[Records from a collection]
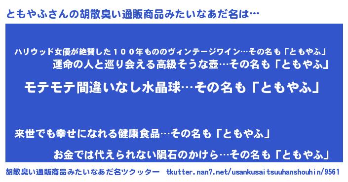 | 男性向けラノベタイトル風あだ名 | 『ともやふの憂鬱』『トモヤフスレイヤー』 |
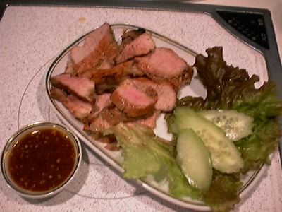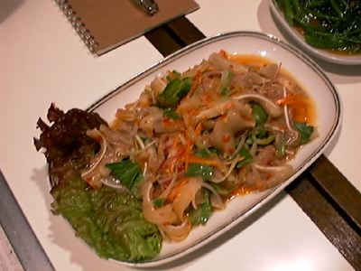 - 色々なお店のメニューにもあったんだけど、二回目のキンナリーで初めて頼んでみた。味付けが独特だね。脂身とか生姜とかニンニクのスライス。それから、魚の目みたいに見える粒胡椒がたくさん入ってる。粒胡椒をかじった時に口の中に広がる風味がいいね。(messiah)
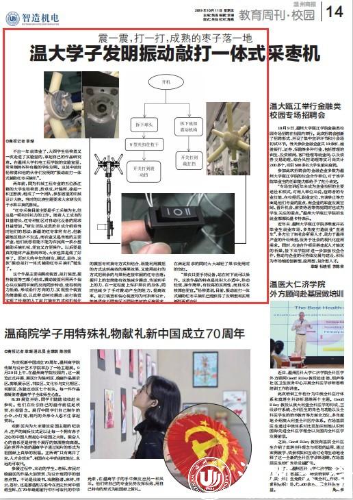 不出一年就毕业了,大四学生杨柳勇又一次走进了实验里的,拿起自己的作品研究着。在日本a片 机电工程学院的实验室里,常常摆满各种有趣的学生发明。这其中就有杨柳勇和他的伙伴们发明的“振动敲打一体式辅助红枣采摘机”。
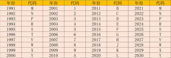 车架号第十位可以看车辆生产日期。生产年份由1、2、3、4、5、6、7、8、9、A、B、C、D、E、F、G、H、J、K、L、M、N、P、R、S、T、V、W、X、Y 30个字符,30年一个轮回周期。比如说第十位是字母A,这个时候就表明车辆是2010年生产的。如果车架号第十位是字母B的话,这个时候就代表该车辆是2011年生产的。除此之外,车主也可以通过查看车辆的车架号,来了解到车辆的生产商、生产地、车辆类型等信息,因此有时候车架号也会被说成是车辆的“身份证”,当车主想要查询车辆的一些基本信息时,可以直接通过查看车辆车架号来获得。
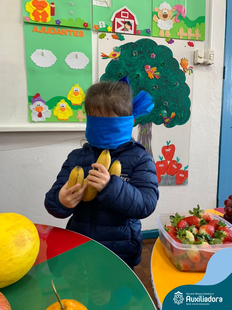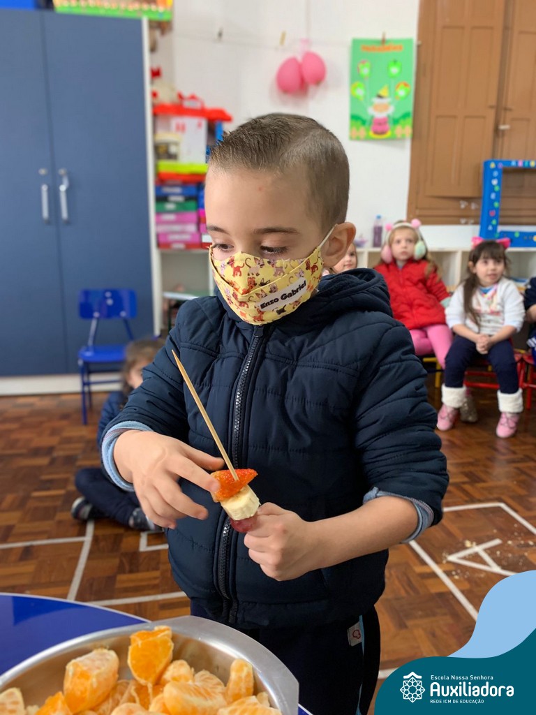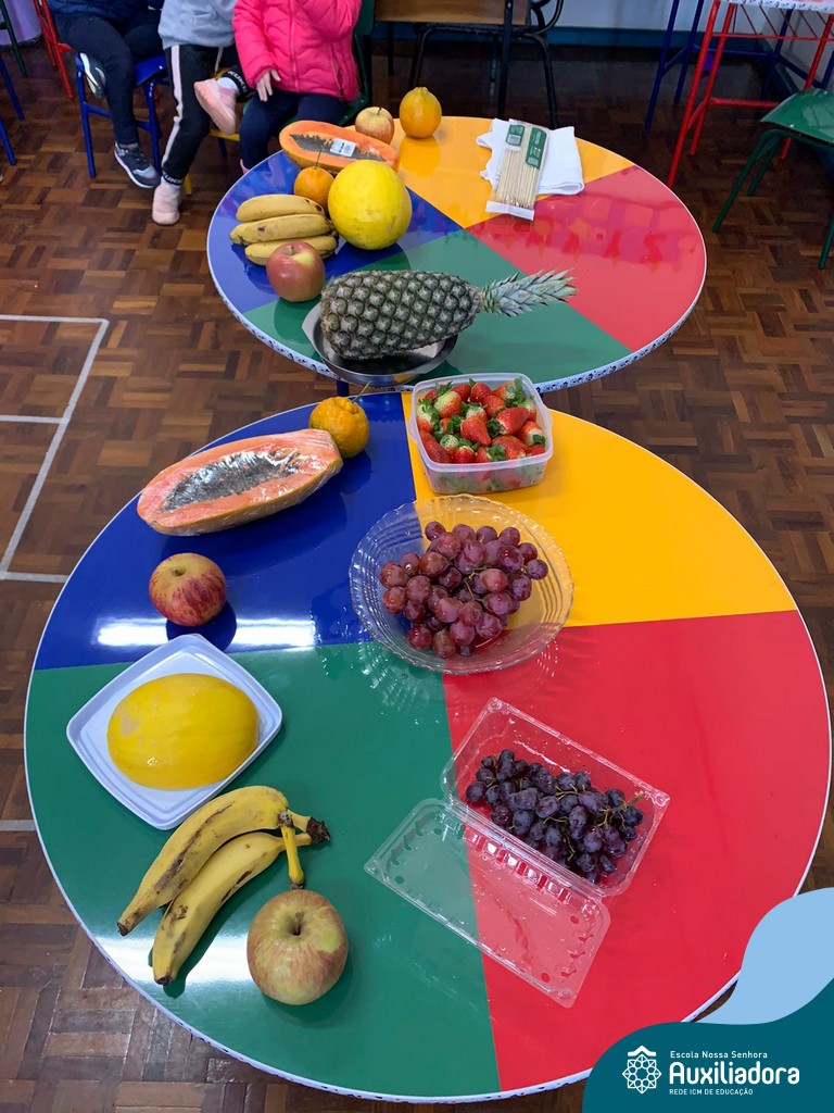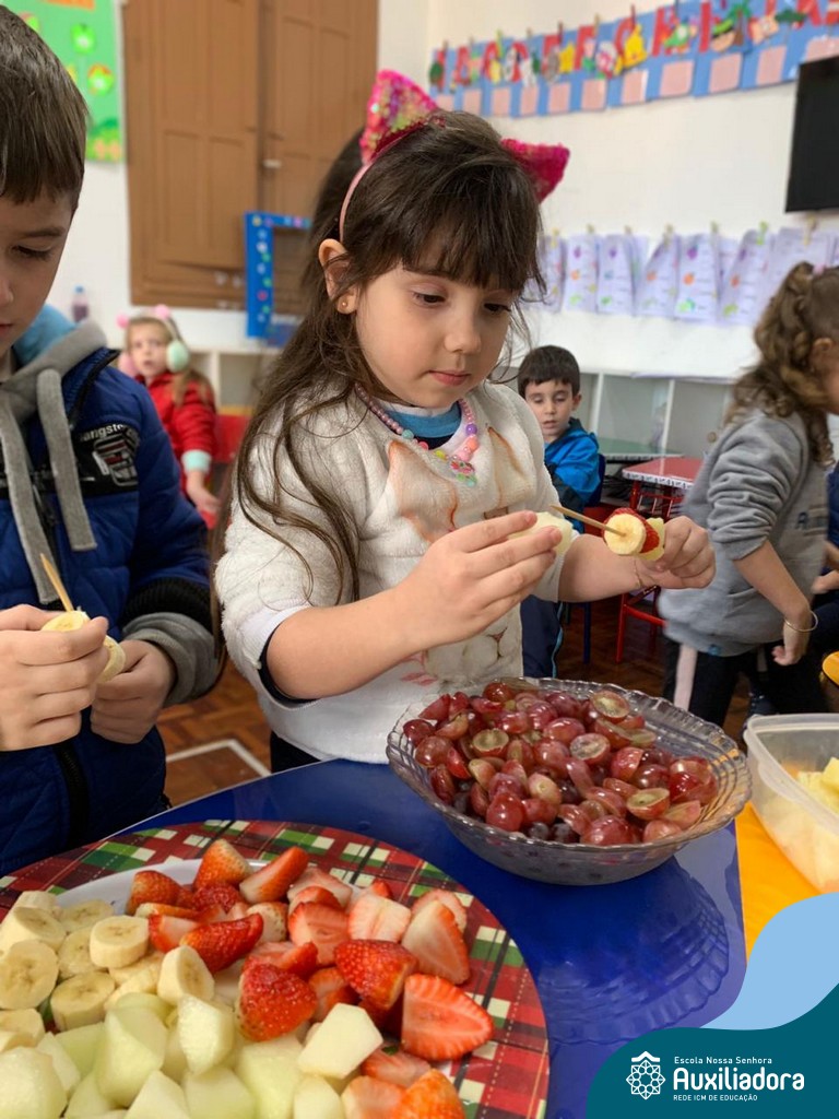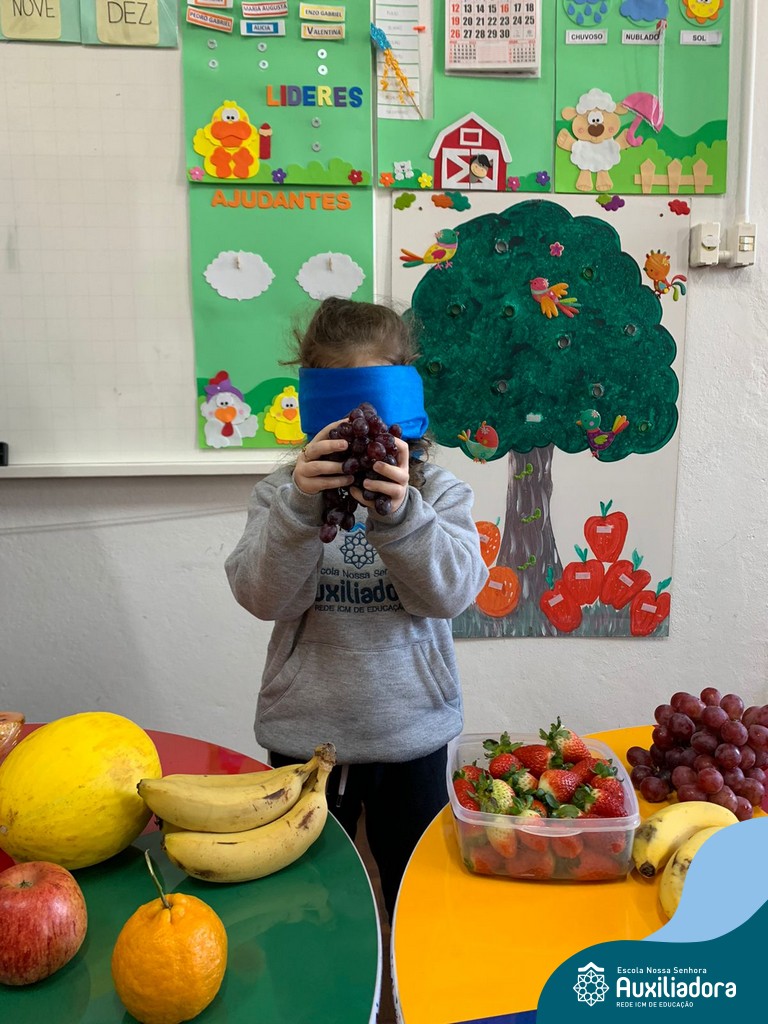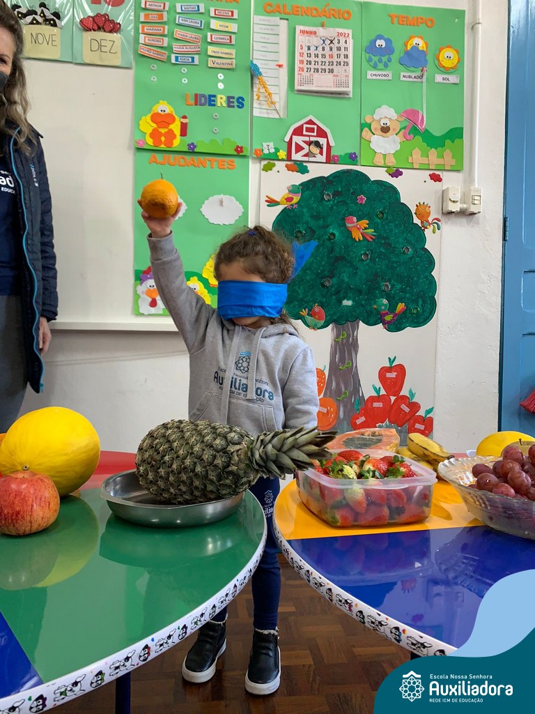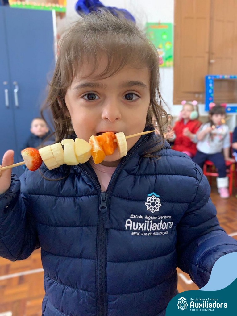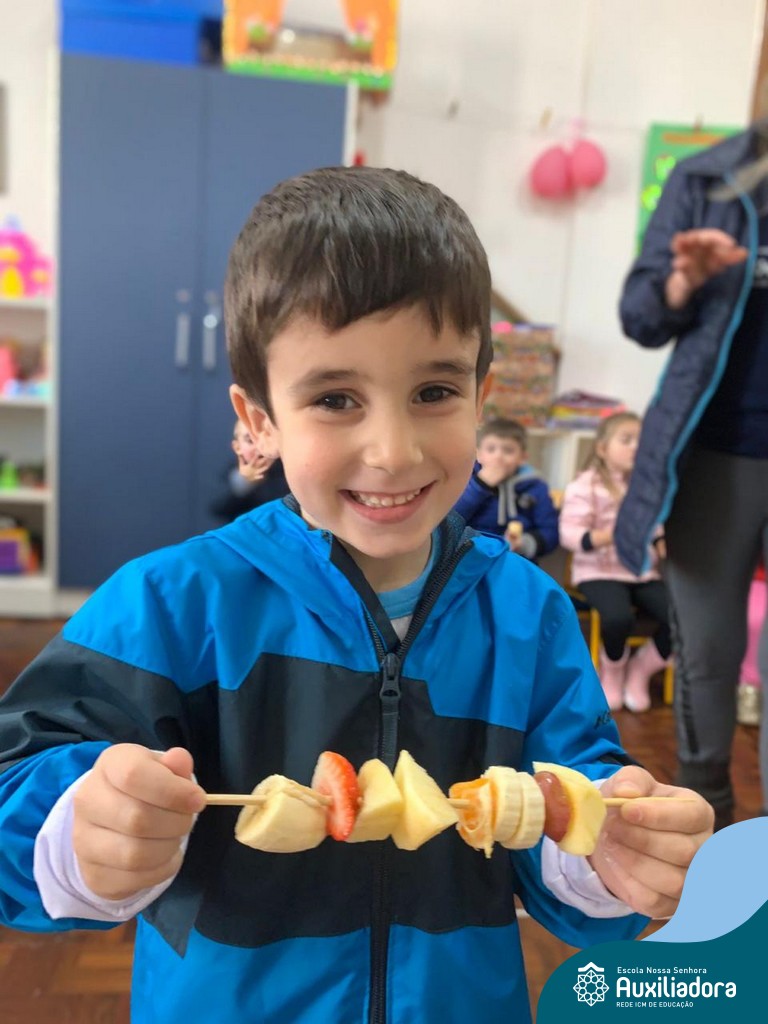 Alimentação Saudável. Que delícia! As crianças foram recepcionadas com uma novidade: A Cesta da Dona Maricota. A partir do contato direto com frutas, legumes e verduras as crianças puderam falar sobre seus gostos particulares e provar outros sabores que são importantes para nossa saúde!

ASSIGNMENT: Could you copy all of the entries above exactly, without the pictures?

OUTPUT OF THE TASK:
 | 男性向けラノベタイトル風あだ名 | 『ともやふの憂鬱』『トモヤフスレイヤー』 |
 - 色々なお店のメニューにもあったんだけど、二回目のキンナリーで初めて頼んでみた。味付けが独特だね。脂身とか生姜とかニンニクのスライス。それから、魚の目みたいに見える粒胡椒がたくさん入ってる。粒胡椒をかじった時に口の中に広がる風味がいいね。(messiah)
 不出一年就毕业了,大四学生杨柳勇又一次走进了实验里的,拿起自己的作品研究着。在日本a片 机电工程学院的实验室里,常常摆满各种有趣的学生发明。这其中就有杨柳勇和他的伙伴们发明的“振动敲打一体式辅助红枣采摘机”。
 车架号第十位可以看车辆生产日期。生产年份由1、2、3、4、5、6、7、8、9、A、B、C、D、E、F、G、H、J、K、L、M、N、P、R、S、T、V、W、X、Y 30个字符,30年一个轮回周期。比如说第十位是字母A,这个时候就表明车辆是2010年生产的。如果车架号第十位是字母B的话,这个时候就代表该车辆是2011年生产的。除此之外,车主也可以通过查看车辆的车架号,来了解到车辆的生产商、生产地、车辆类型等信息,因此有时候车架号也会被说成是车辆的“身份证”,当车主想要查询车辆的一些基本信息时,可以直接通过查看车辆车架号来获得。
 Alimentação Saudável. Que delícia! As crianças foram recepcionadas com uma novidade: A Cesta da Dona Maricota. A partir do contato direto com frutas, legumes e verduras as crianças puderam falar sobre seus gostos particulares e provar outros sabores que são importantes para nossa saúde!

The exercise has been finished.